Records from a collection
##########
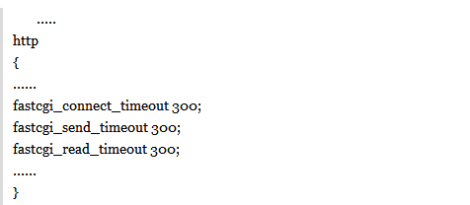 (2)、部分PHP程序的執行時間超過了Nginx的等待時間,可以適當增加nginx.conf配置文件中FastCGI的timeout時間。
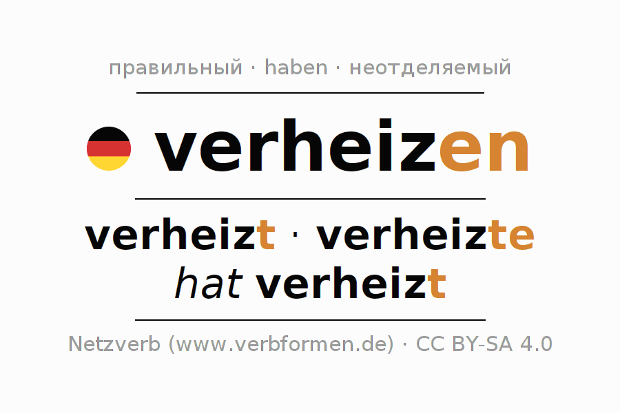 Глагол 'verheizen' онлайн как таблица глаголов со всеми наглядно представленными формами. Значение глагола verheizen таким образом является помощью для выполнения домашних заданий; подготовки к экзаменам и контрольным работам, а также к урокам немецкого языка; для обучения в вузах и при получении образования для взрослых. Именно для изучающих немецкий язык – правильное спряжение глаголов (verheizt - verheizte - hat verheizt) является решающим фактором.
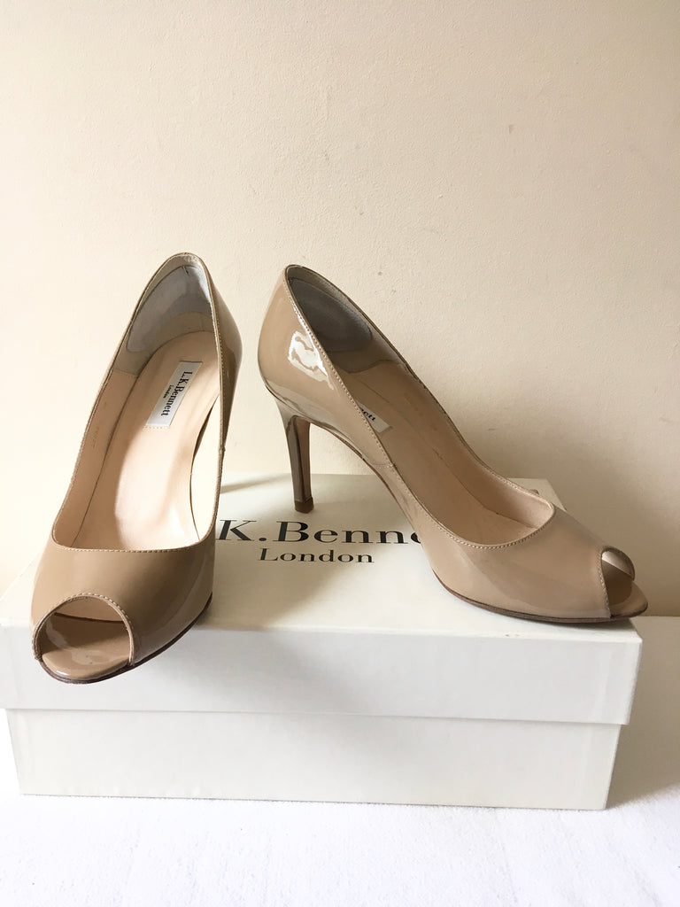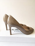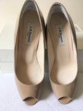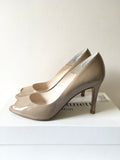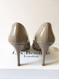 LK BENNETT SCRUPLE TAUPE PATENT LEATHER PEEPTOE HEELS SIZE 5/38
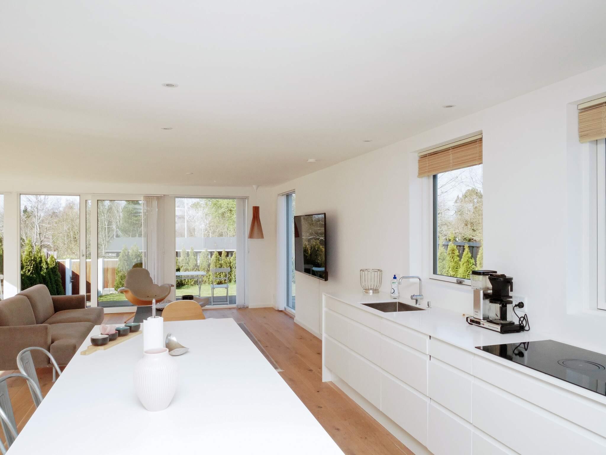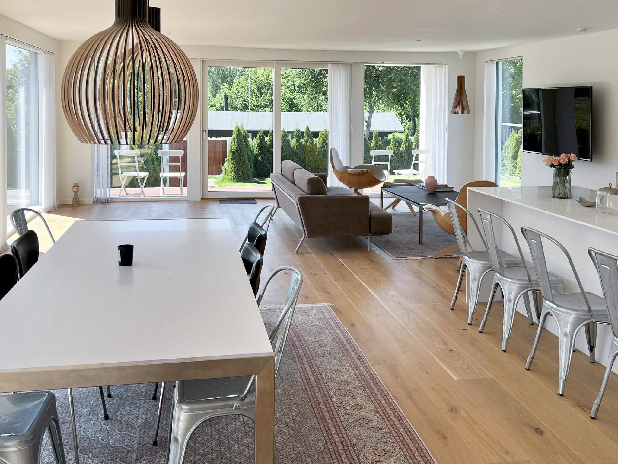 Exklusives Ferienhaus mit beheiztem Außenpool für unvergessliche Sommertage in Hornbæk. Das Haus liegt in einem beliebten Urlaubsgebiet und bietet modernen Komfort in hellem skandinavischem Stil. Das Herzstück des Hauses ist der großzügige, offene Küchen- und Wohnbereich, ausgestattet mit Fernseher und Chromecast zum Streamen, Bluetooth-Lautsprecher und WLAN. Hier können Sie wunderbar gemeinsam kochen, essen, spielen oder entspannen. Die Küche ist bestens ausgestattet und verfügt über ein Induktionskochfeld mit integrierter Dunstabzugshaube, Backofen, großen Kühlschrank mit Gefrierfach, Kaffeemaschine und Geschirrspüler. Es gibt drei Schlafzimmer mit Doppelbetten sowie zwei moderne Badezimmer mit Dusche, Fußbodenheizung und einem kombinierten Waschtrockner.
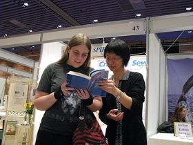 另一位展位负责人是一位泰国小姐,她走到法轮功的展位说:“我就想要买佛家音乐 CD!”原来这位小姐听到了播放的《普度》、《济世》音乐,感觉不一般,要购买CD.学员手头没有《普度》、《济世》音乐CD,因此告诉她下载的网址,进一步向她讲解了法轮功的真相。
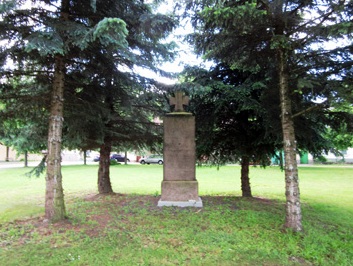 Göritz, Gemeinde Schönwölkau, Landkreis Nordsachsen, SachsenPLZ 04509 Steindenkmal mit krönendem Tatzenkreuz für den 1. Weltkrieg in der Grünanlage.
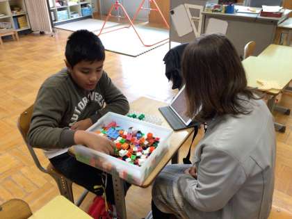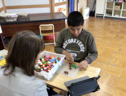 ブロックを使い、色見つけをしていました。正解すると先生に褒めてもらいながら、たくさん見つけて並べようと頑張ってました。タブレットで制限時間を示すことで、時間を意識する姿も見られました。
##########
#### What is expected:
Repeat the lines exactly as they stand, from the opening line of the data through the line with "Exklusives Ferienhaus mit". Pictures stay out of the copy.

#### Your solution:
 (2)、部分PHP程序的執行時間超過了Nginx的等待時間,可以適當增加nginx.conf配置文件中FastCGI的timeout時間。
 Глагол 'verheizen' онлайн как таблица глаголов со всеми наглядно представленными формами. Значение глагола verheizen таким образом является помощью для выполнения домашних заданий; подготовки к экзаменам и контрольным работам, а также к урокам немецкого языка; для обучения в вузах и при получении образования для взрослых. Именно для изучающих немецкий язык – правильное спряжение глаголов (verheizt - verheizte - hat verheizt) является решающим фактором.
 LK BENNETT SCRUPLE TAUPE PATENT LEATHER PEEPTOE HEELS SIZE 5/38
 Exklusives Ferienhaus mit beheiztem Außenpool für unvergessliche Sommertage in Hornbæk. Das Haus liegt in einem beliebten Urlaubsgebiet und bietet modernen Komfort in hellem skandinavischem Stil. Das Herzstück des Hauses ist der großzügige, offene Küchen- und Wohnbereich, ausgestattet mit Fernseher und Chromecast zum Streamen, Bluetooth-Lautsprecher und WLAN. Hier können Sie wunderbar gemeinsam kochen, essen, spielen oder entspannen. Die Küche ist bestens ausgestattet und verfügt über ein Induktionskochfeld mit integrierter Dunstabzugshaube, Backofen, großen Kühlschrank mit Gefrierfach, Kaffeemaschine und Geschirrspüler. Es gibt drei Schlafzimmer mit Doppelbetten sowie zwei moderne Badezimmer mit Dusche, Fußbodenheizung und einem kombinierten Waschtrockner.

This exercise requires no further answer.